Depending on what’s targeted this time, the impact of new tariffs on US firms in Ireland could be significant, or it could be relatively minor. We’ll have to see what Trump’s administration eventually decides on.

Profit shifting

This really can’t be stressed enough – as things stand, the main risk for Ireland looks to be new policies which could impact multinational profit shifting.

Excluding the impact of the Apple tax case, Ireland took in over €28 billion in corporate tax in 2024. Frankly, it’s a shocking amount for a country which only had corporate tax receipts of  about €5 billion 10 years ago.

This bonanza is almost entirely due to booming revenues at a handful of US firms – Tánaiste Simon Harris has previously said that just three companies account for €10 billion of the state’s corporate tax take.

These businesses do definitely have large operations here – as discussed, the likes of Apple and Lexilip have invested billions into their physical operations and employ thousands of people.

But Ireland’s corporate tax receipts were €7 billion in 2016, when US multinational employment was 155,000.

Since then, employment at US businesses has increased by about 33% – while corporate taxes have exploded by approximately 400%. So what’s going on?

Simply, many of these companies shift most of their international profits to their Irish operations.

We go into more detail here on how this works, but basically, US companies can do this after moving their intellectual property (IP) assets to Ireland. They initially chose to move their IP to Ireland for a few different reasons, including our low corporate tax rate and a tax break offered a few years ago.

The big risk for Ireland is that Trump would somehow get US multinationals based here to move their IP back to the States. This would mean these businesses would declare less of their profits in Ireland, and the state’s corporate tax take would likely fall.

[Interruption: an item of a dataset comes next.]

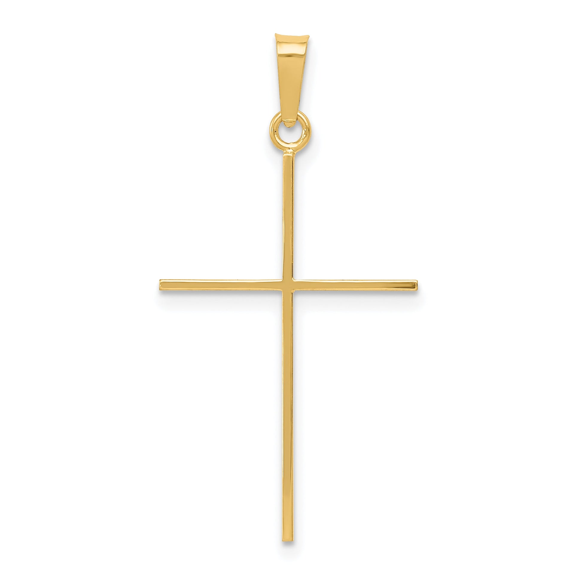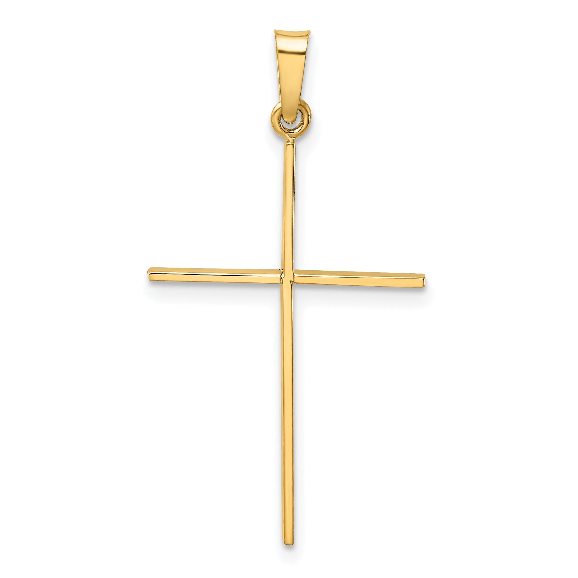 Introducing the stunning 14k Yellow Gold Cross Pendant, a must-have for your jewelry collection. This pendant shines bright with its polished finish and solid design. Measuring 34 mm in length, it features a beautifully crafted charm that is 28.6 mm long and 18 mm wide. The flat back profile allows for comfortable wear. Each piece is made from high-quality 14K gold, ensuring durability and style. The bail's 6.4 mm length and 2.35 mm width make it easy to pair with your favorite chain. Enhance your look with the elegant 14k Yellow Gold Cross Pendant today!

Trump tried to do something similar during his first term, introducing tax breaks for multinationals to move their cash back to the US. Based on the amount of money flowing through Irish coffers, this wasn’t massively impactful, at least as far as Ireland was concerned.

But the US looks like it will try again, recently announcing tax benefits for companies which are looking to relocate their IP (although it’s worth noting this particular rule change was instigated before Trump was elected).

The state is currently only running a budget surplus because of these bonanza corporate tax ‘windfalls’ we’ve enjoyed in the last few years.

It’s also worth keeping in mind that it’s much easier to shift your IP compared to a factory. It would take years for a US business to shift their manufacturing abroad – they could likely move their IP in a matter of months.

If the recent US IP change, or other new policies, end up hitting Ireland’s corporate tax take, things could get very serious, very fast.

Despite the endless warnings from experts, Ireland is not prepared for the possibility of a dramatic corporate tax drop.

Given the noises coming from the US, it’s well past time that changed.